Ação julgada procedente, anulada a autuação pelo digno a quo. Sentença que mantenho.
(…)
Neste aspecto, não vislumbro prática abusiva da vendedora de sanduíches na hipótese dos autos.
Tomemos estas quatro premissas:
- a) A sociedade brasileira se rege pelo modelo capitalista, e as consequências dessa opção econômica e cultural hão de ser assumidas;
- b) Cabe à família, notadamente aos pais ou ao responsável legal, o poder-dever da boa educação dos filhos, inclusive o ônus de reprimi-los nos apelos inconvenientes ao seu bem estar social, físico e mental;
- c) Crianças bem educadas no berço, por força do afeto e da autoridade dos pais ou responsável, saberão resistir aos apelos consumistas;
- d) Não deve o Estado, de modo paternalista, sobrepor-se às obrigações primárias da família, sobretudo quando incitado pelo barulho muito atual, mas com um quê autoritário, da militância “ongueira”, sob pena do esgarçamento da legitimidade de seus atos de império.
Consequência do modelo socioeconômico ocidental, não é de hoje que o mercado publicitário se ocupa de direcionar as peças produzidas para cada nicho de consumo, buscando cativar clientelas específicas e inculcar a necessidade muita vez inexistente de aquisição de produtos e serviços. Faz parte do nosso sistema e, mais e mais, inclusão social é consumo.
Crianças, é fato, são mais suscetíveis de se curvar à insistência mercadológica. É nítido o direcionamento das mensagens que visam atingir o seu universo lúdico particular: cores sortidas e vibrantes, situações e imagens de alegria, brindes de personagens infantis. Esta é a porta de acesso que induz os pequenos ao querer, ao desejo dos produtos e serviços.
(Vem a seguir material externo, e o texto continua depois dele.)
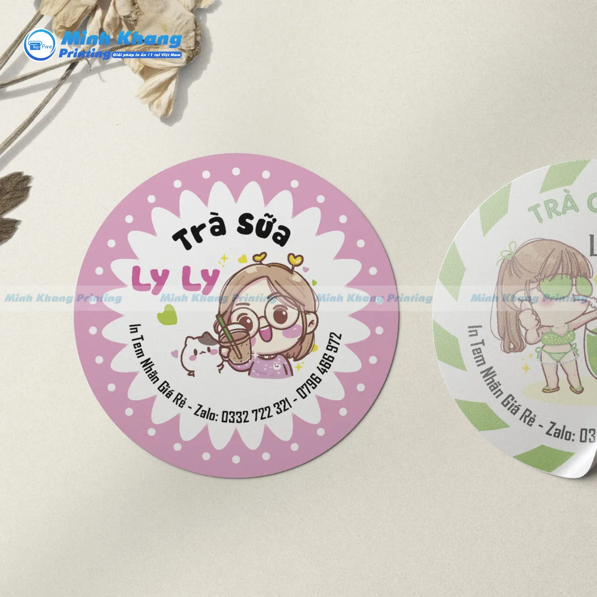 Mẫu tem trà sữa Ly Ly hình tròn đường kính 5cm, kích thước tiêu chuẩn cho ly 500ml
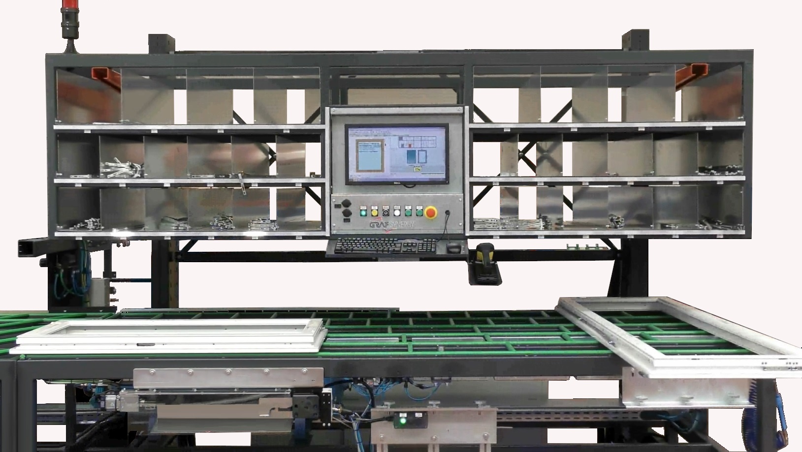 The FAZ II is a compact and automated workstation designed by GRAF Synergy to speed up and standardise the assembly of hardware on PVC doors. With its dual station – preparation bench and screwdriving table – it allows for the assembly of up to 240 frames per shift, with just one operator.
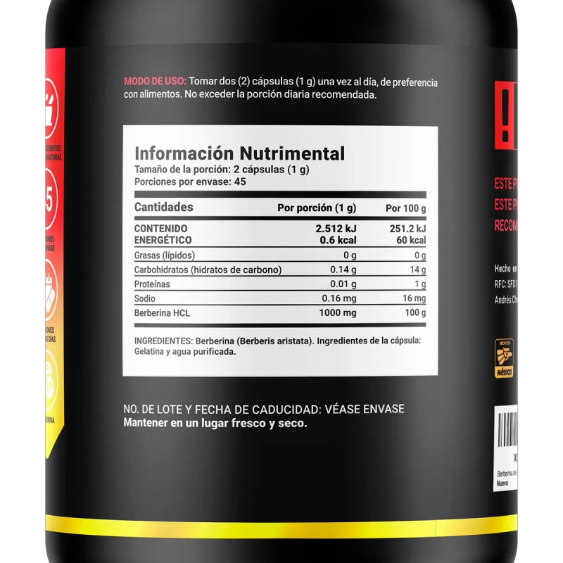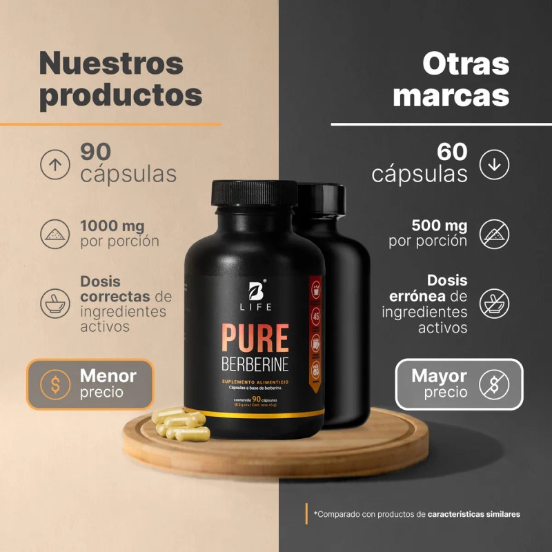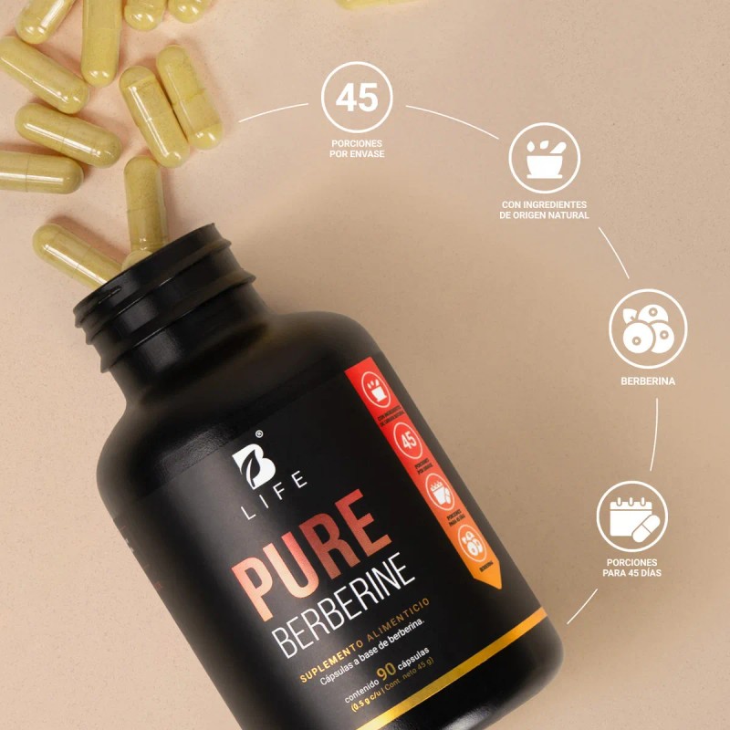 ¡Pure Berberine B Life, una fórmula 100% natural! Cada porción ofrece una concentración máxima de 1000 mg de Berberina HCI Pura (Berberis aristata), superando otras presentaciones que solo contienen 400 mg de este valioso compuesto para tu bienestar. Contiene 90 cápsulas.

Todavia, não é porque existe o chamariz que sempre se compra. Pressupõe-se, isso é essencial e somente relativizado em hipóteses casuísticas, uma margem de decisão, de escolha racionalizada.
Daí que a estratégia publicitária não será sempre abusiva. Não se pode admitir interpretação literal da Resolução nº 163/20141 do CONANDA. Há que se constituir de prejuízo evidente, que atravesse de modo direto (não oblíquo ou idealizado) a formação moral, intelectual, familiar e social do infante.
O Estado não pode, a pretexto de regular as atividades de divulgação dos produtos, vedar peremptoriamente as mensagens dirigidas às crianças pelo só fato de atrelá-las ao universo lúdico, às personagens de estima do público infantil. Se o fizesse, iludido por iniciativas midiáticas, desbordaria num paternalismo sufocante (nanny state), interferindo em direitos individuais que ultrapassam a órbita pública e flertam com totalitarismos.
Deveras, há um espaço indelegável para a educação dirigida pelos pais, que devem indicar os prós e contras das escolhas, v.g, do que significa o alimento sem valor nutritivo e alto valor calórico. E também principalmente o aprendizado do sentido absoluto do “não!”. Impossível ter tudo pelo simples fato de assim o querer, sob o risco de se constituírem adultos que se portam sem limites, mormente quando se desiludem por não conseguir o que desejariam, na ditadura do tutto e subito. Pusilânimes.
Hábitos saudáveis são aprendidos, aculturados, nos ambientes familiar e escolar. Há outras situações e ocasiões de abusividade efetiva a serem cuidadas, longe do comércio de guloseimas.
Mas para a Fundação PROCON pareceu mais cômodo acolher acriticamente a representação equivocada, ainda que com aparência de boas intenções do Instituto Alana, do que, sob o risco de ser pechado por conduta politicamente incorreta, mandá-la à dignidade silenciosa da gaveta de arquivo.
Em nome do Instituto Liberal, saudamos a coragem e o discernimento do desembargador Firmino Magnani Filho, assim como de seus colegas de turma que acompanharam aquele magnífico voto. Decisões como essa renovam nossas esperanças num futuro melhor para Brasil.